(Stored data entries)
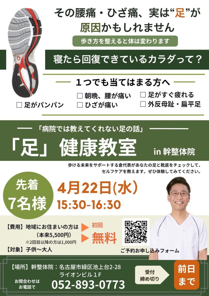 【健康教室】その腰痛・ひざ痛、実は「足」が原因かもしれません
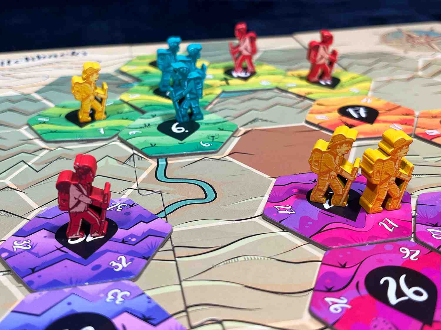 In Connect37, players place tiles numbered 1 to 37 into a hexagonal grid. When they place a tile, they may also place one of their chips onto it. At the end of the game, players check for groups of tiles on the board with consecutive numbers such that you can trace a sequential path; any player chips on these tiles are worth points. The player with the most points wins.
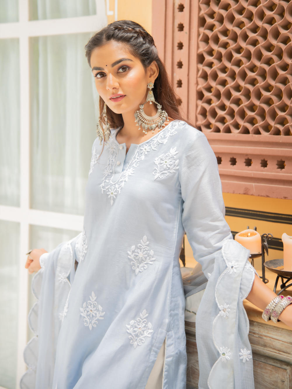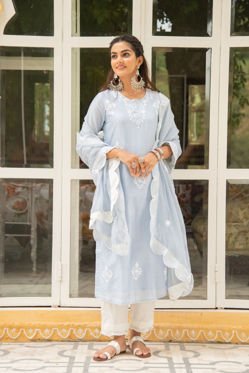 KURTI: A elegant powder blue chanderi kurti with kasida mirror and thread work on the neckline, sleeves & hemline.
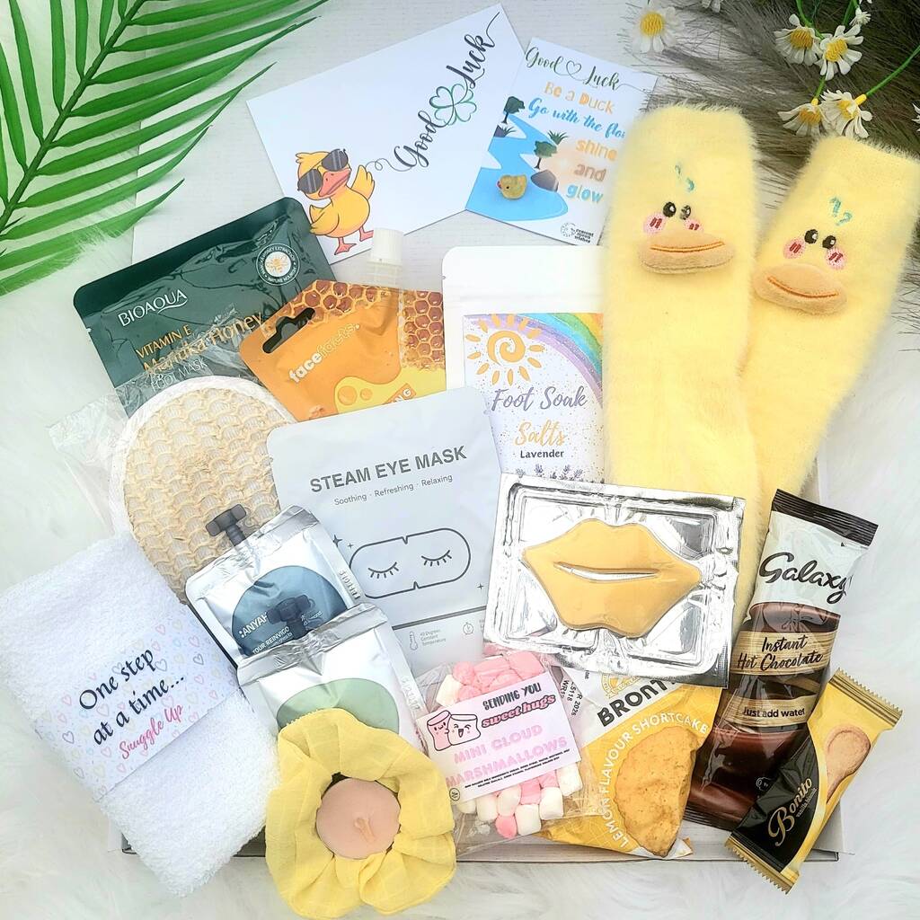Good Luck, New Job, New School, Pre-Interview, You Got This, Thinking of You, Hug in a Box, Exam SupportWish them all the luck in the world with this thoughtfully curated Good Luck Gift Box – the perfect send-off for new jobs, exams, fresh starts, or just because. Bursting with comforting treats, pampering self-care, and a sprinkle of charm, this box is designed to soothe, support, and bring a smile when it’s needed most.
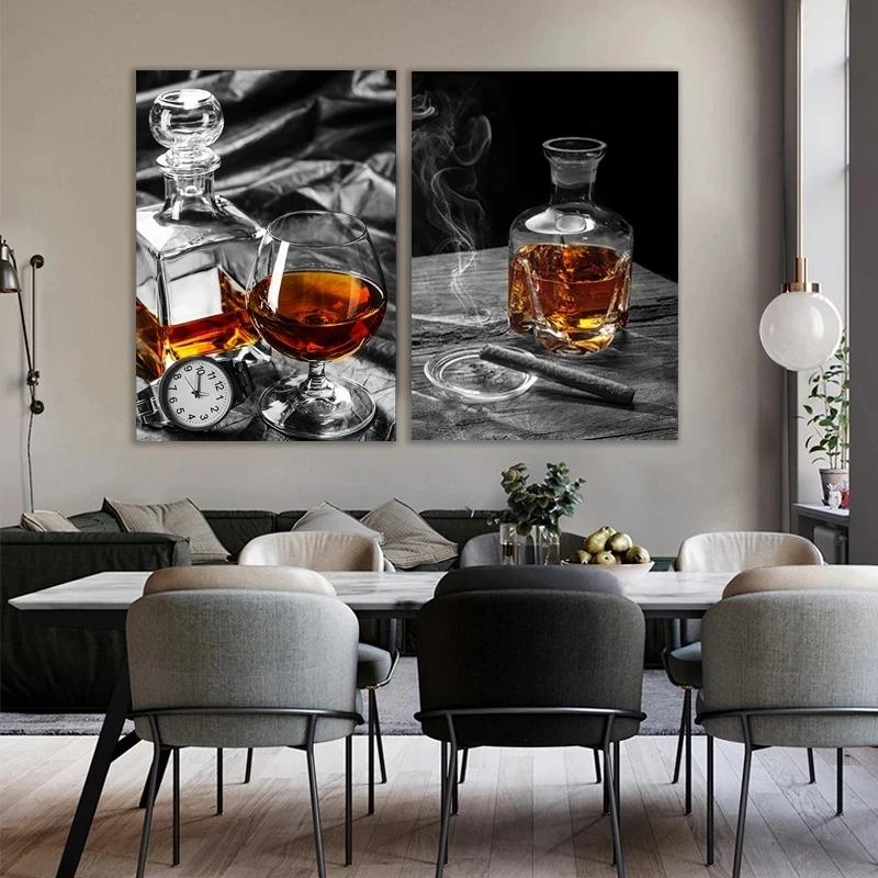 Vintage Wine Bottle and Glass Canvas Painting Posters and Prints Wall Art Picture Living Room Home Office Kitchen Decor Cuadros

» **DIRECTIONS FOR THIS TASK**:
Retype only the lines above from the one with "In Connect37, players" through the last, both ends included, keeping every picture out of the copy.

» **COMPLETED EXERCISE**:
 In Connect37, players place tiles numbered 1 to 37 into a hexagonal grid. When they place a tile, they may also place one of their chips onto it. At the end of the game, players check for groups of tiles on the board with consecutive numbers such that you can trace a sequential path; any player chips on these tiles are worth points. The player with the most points wins.
 KURTI: A elegant powder blue chanderi kurti with kasida mirror and thread work on the neckline, sleeves & hemline.
Good Luck, New Job, New School, Pre-Interview, You Got This, Thinking of You, Hug in a Box, Exam SupportWish them all the luck in the world with this thoughtfully curated Good Luck Gift Box – the perfect send-off for new jobs, exams, fresh starts, or just because. Bursting with comforting treats, pampering self-care, and a sprinkle of charm, this box is designed to soothe, support, and bring a smile when it’s needed most.
 Vintage Wine Bottle and Glass Canvas Painting Posters and Prints Wall Art Picture Living Room Home Office Kitchen Decor Cuadros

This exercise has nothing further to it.